The magic takes hold of Kartik, and now I see what he’s done. He’s let the tree claim him in exchange. Ann and Felicity reach out to me. Fowlson tries to hold me back, but I break away.

It’s too late to reverse the magic. The Winterlands have accepted Kartik’s bargain.

“If I could go back…undo it…,” I say, sobbing.

“There is never any turning back, Gemma. You have to go forward. Make the future yours,” Kartik says.

He kisses me sweetly on the lips, and I return his kiss until the vines twine themselves round his throat and his lips go cold. The last sound I hear from him is my name spoken softly. “Gemma…”

The tree accepts him. He is gone. Only his voice remains, echoing my name on the wind.

The trackers point. “She still has the Temple magic! We might have it yet!”

I push them back with the force of my power. “This is what you would fight for? Kill for? What you would try to hoard or protect? No more,” I say, my lips still warm with Kartik’s kiss. “The magic was meant to be shared. None of you will hold it! I will give the magic back to the land!”

I put my hands to the broken earth. “I give this magic back to the realms and the Winterlands, too, that it may be shared equally among the tribes!”

The trackers shriek and howl as if in pain. The souls they have captured push through me on their way to wherever it is we go from here. I feel their passage. It is rather like the swoop of a carnival ride. And when they have gone, there is no one to lead the others, the dead. They stare in wonder, no longer sure what has happened or what will be.

The pale things that hide in the crevices and the cracks of the Winterlands crawl closer. The tree’s warmth melts a small patch of ice at its base. Thin shoots of grass struggle up through the new earth. I touch them and they are as soft as Kartik’s fingers on my arm.

Something in me breaks open. My face is slick with tears. So I do what I yearn to do. I sink into the burgeoning grass and cry.

CHAPTER SEVENTY

MRS. NIGHTWING WAITS FOR US IN THE CHAPEL, WHERE she cradles the body of Mother Elena.

“The creatures?” Ann asks, her voice ragged with the screams she’s spent.

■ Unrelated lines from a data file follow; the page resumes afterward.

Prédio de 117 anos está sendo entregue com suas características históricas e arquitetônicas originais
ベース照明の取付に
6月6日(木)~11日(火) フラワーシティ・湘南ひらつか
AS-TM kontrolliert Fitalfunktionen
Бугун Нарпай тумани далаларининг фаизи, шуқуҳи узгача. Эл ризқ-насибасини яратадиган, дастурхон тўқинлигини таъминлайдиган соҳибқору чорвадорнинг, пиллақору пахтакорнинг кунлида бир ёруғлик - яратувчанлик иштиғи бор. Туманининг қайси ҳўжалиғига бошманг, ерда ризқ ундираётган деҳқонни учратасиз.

Mrs. Nightwing shakes her head. “Her heart. She didn’t fall to them. There is that, at least.”

Mrs. Nightwing counts us as we file past—Felicity, Ann, Fowlson, me.

“Sahirah…?” she whispers. “And—”

I shake my head. She lowers her eyes, and nothing more is said.

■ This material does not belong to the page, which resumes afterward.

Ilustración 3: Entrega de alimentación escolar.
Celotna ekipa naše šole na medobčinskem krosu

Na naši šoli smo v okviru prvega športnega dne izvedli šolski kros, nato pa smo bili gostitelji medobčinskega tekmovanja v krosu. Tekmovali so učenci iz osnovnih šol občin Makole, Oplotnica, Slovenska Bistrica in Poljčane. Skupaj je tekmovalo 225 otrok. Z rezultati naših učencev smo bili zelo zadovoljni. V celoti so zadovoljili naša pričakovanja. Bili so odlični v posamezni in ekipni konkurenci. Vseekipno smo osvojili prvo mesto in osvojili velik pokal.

The girls of Spence sit huddled together. Their eyes are wide and frightened. What they have seen tonight is beyond teas and balls, curtsies and sonnets.

Mrs. Nightwing puts her hand on my shoulder. “There is nothing more I can tell them. They’ve seen and they are frightened.”

“They should be.” Is it my voice that sounds so hard?

“They can’t know what has happened.”

She wants me to take what magic I have left and blot every memory of this evening from their minds. To make them forget so that they can carry on as before. There will always be the Cecilys, Marthas, and Elizabeths of the world—those who cannot bear the burden of truth. They will drink their tea. Weigh their words. Wear hats against the sun. Squeeze their minds into corsets, lest some errant thought should escape and ruin the smooth illusion they hold of themselves and the world as they like it.

It is a luxury, this forgetting. No one will come to take away the things I wish I had not seen, the things I wish I did not know. I shall have to live with them.

I wrench away from her grip. “Why should I?”

I do it anyway. Once I am certain the girls are asleep, I creep into their rooms, one by one, and lay my hands across their furrowed brows, which wear the trouble of all they’ve witnessed. I watch while those brows ease into smooth, blank canvases beneath my fingers. It is a form of healing, and I am surprised by how much it heals me to do it. When the girls awake, they will remember a strange dream of magic and blood and curious creatures and perhaps a teacher they knew whose name will not spring to their lips. They might strain to remember for a moment, but then they will tell themselves it was only a dream best forgotten.

I have done what Mrs. Nightwing said I should do. But I do not take all their memories from them. I leave them with one small token of their evening: doubt. A feeling that perhaps there is something more. It is nothing more than a seed. Whether it shall grow into something more useful, I cannot say.

When it is time for me to visit Brigid, I find her awake in her little room. “That’s awl righ’, luv. I don’ care to forget, if it’s all the same,” she says, and there are no rowan leaves at her window anymore.